Often other participants also feel disturbed by the interpreter's "whispering". This is why we recommend the use of a people guidance system even when there are only one or two listeners. A further advantage of interpreting with a tour guide system compared to whispered interpreting without a tour guide system is that the interpreter can move freely around the room. The interpreter can work where the speaker can be easily heard and seen. And the interpreter does not have to be so "close" to the listeners.
The most frequent field of application for whispered interpreting is court interpreting. In this case, everything said is whispered simultaneously for the foreign-language participant in the proceedings. Speeches by the foreign-language participant are then interpreted back consecutively.
The term remote interpreting is used to describe different types of interpreting where one or more participants are not present in the same room as the other participants. A special form of remote interpreting is remote interpreting, where the interpreters work at a different location. The remote interpreters may be in another room or even on another continent. Remote interpreting is often used in video or telephone conferences, webinars or other virtual event formats. The term "online interpreting" is also often used synonymously.
The most common form of remote interpreting is so-called Remote Simultaneous Interpreting (RSI). This interpretation takes place simultaneously, i.e. parallel to the spoken word in real time.
Relay interpreting is a form of simultaneous interpreting in which one interpreter's interpretation is used as the basis for the transmission into another language. For example, an interpreter works from Arabic into German. This German interpretation is then used for a transmission into French, because a direct interpretation from Arabic into French is not available.
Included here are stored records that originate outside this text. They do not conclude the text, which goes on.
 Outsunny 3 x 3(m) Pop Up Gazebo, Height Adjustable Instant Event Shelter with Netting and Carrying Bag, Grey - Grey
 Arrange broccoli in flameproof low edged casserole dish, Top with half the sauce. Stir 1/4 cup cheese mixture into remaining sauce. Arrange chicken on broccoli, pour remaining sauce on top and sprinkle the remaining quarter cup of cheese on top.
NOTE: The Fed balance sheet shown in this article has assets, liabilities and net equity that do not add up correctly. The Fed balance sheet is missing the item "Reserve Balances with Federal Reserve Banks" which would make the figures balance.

Relay interpreting must therefore be used in a few cases for rare language combinations or when a team of interpreters cannot interpret a language combination directly. Relay interpreting can lead to a loss of time and meaning.
Sign language interpreting
Sign language interpreting is a non-oral form of simultaneous interpreting. Sign language interpreters mediate between spoken language and sign language The sign language interpreter stands or sits next to the main speaker, depending on the type of event.
As with interpreting in general, the sign language interpreter must be able to hear and see both the speakers and participants well. There are different sign languages. Interpreting between different sign languages is also possible.